I'd be interested to know how you like them once you've had a chance to try them out.


----------



## Susie (Mar 17, 2017)

Soapmaker145 said:


> After trying some 30 of their FOs in soaps, I decided not to use their FOs for my soaps.  Even the ones I liked initially morphed with a longer cure and lost their complexity.  There are few exceptions.  Their Frankincense and Myrrh is super strong and overpowering but when poured at a lower concentration it smells true to F&M and lasts.  The Cedarwood Vanilla is a cedarwood without any sharp edges.  It discolors and I  layered it with TCS Redwood Cedar.  I better quit before I convince myself to go look.
> 
> If I made candles, I would probably try a few more.



Thank you so much!  I was 10 minutes from ordering 25 of them!


----------



## Soapmaker145 (Mar 17, 2017)

CTAnton said:


> well i ordered a bunch from this sale and they arrived today. After what Soapmaker had to say my high hopes were tempered. Well, theres only a few FO's I didn't care for in my short and expensive soap making "career"...frenzy is probably closer to thee truth and all of these smell great...Yes, I'm aware this is OOB judgments but I bet they'd be nice in beard oil and shave soap or any application that doesn't meet the lye monster head on...
> I love the fact that you can purchase 2 oz. of each oil...



Please make a list of the ones you bought and let us know how you like them.  If you don't keep soaps for a long time, their FOs may work just fine except for the ones that discolor badly and lather ugly yellow.  There were several I liked when first poured that ended up morphing after a long cure.  I have gotten much pickier about FOs after all the testing I've done over the last 2 years.


----------



## CTAnton (Mar 17, 2017)

well I'm more than tempted to use them in non cp soap ways....beard oil or hp shaving soaps...but if I do , like you Soapmaker, Ill be glad to jot down some notes...


----------



## Zany_in_CO (Mar 17, 2017)

After reading this thread, I shall sit on my hands and breath deeply until that "urge to take a peek" goes away. A weak-willed soaper has to do what a weak-willed soaper has to do. (My short-term memory is so bad these days... if I go do something else for 5 minutes, I won't even remember this thread!   :???:   )


----------



## dibbles (Mar 18, 2017)

Soapmaker145 said:


> Please make a list of the ones you bought and let us know how you like them.  If you don't keep soaps for a long time, their FOs may work just fine except for the ones that discolor badly and lather ugly yellow.  There were several I liked when first poured that ended up morphing after a long cure.  I have gotten much pickier about FOs after all the testing I've done over the last 2 years.

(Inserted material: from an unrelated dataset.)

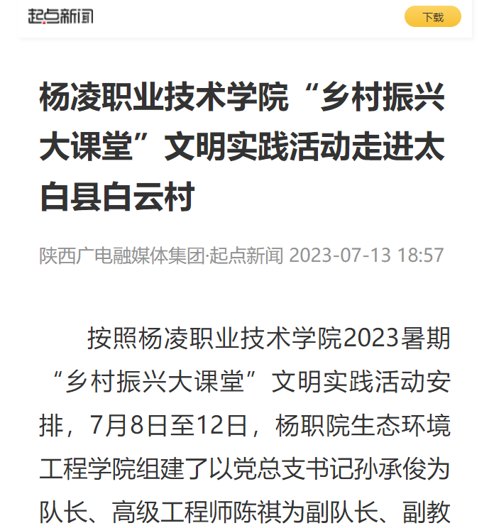 按照350vip浦京集团官网2023暑期“乡村振兴大课堂”文明实践活动安排,7月8日至12日,杨职院生态环境工程学院组建了以党总支书记孙承俊为队长、高级工程师陈祺为副队长、副教授张君超为技术专家,马克思主义学院副教授刘晓瑞、景超和8名优秀学生为成员的服务队,深入太白县咀头镇白云村开展了为期5天的“乡村振兴大课堂”文明实践活动,助推白云村产业兴旺、生态宜居、乡风文明、治理有效、生活富裕。

Soapmaker, I keep trying to message you, and I don't understand why they aren't going through. Is your inbox full?

Sorry for the bump, I didn't know how else to get her attention.


----------



## Soapmaker145 (Mar 18, 2017)

dibbles said:


> Soapmaker, I keep trying to message you, and I don't understand why they aren't going through. Is your inbox full?
> 
> Sorry for the bump, I didn't know how else to get her attention.

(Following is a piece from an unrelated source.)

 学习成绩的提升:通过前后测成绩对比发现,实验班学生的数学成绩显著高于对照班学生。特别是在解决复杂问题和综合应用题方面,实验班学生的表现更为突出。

My inbox is practically empty.  I got the first PM today.  Did you get my response?  We may need to ask a moderator for help if it continues.  Apologies to everybody who opens this thread expecting more info on FOs.


----------



## CTAnton (Mar 18, 2017)

I'm weak..I admit it....I went back for another round....what I purchased form round1
Honeysuckle Jasmine..nice and flowery...a tad sharp

Blue Spruce...a nice mellow note so much more woodsy than piney

Antique Sandlewood woodsy nice...anything special? Hard to tell.

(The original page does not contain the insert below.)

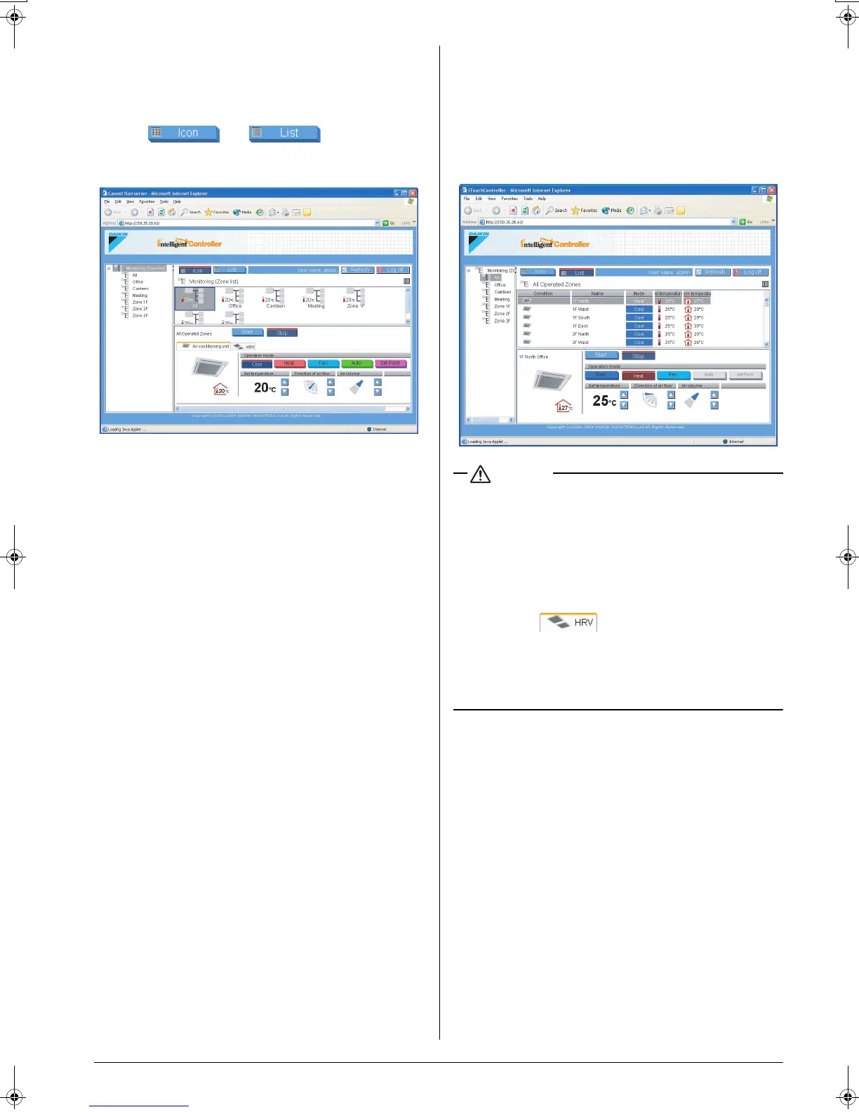 • In the air conditioner zone area, information on the room

Blood Orange single note sharp citrus

Black Sea...loved by 3 noses so far...nice and complex

Oakmoss and Amber....tied for number one spot with Black Sea for me....woodsy with a sharpness thats probably because I'm over whiffing it..
.
Whiskey spot on to my nose...thought it would be a nice component to beard oil
A question to Soapmaker...how much fragrance did you add to each of your molds...what were they in volume ? 3 ounces?


----------



## Millie (Mar 18, 2017)

I couldn't resist either  
So far I've been using EOs so this will be fun!


----------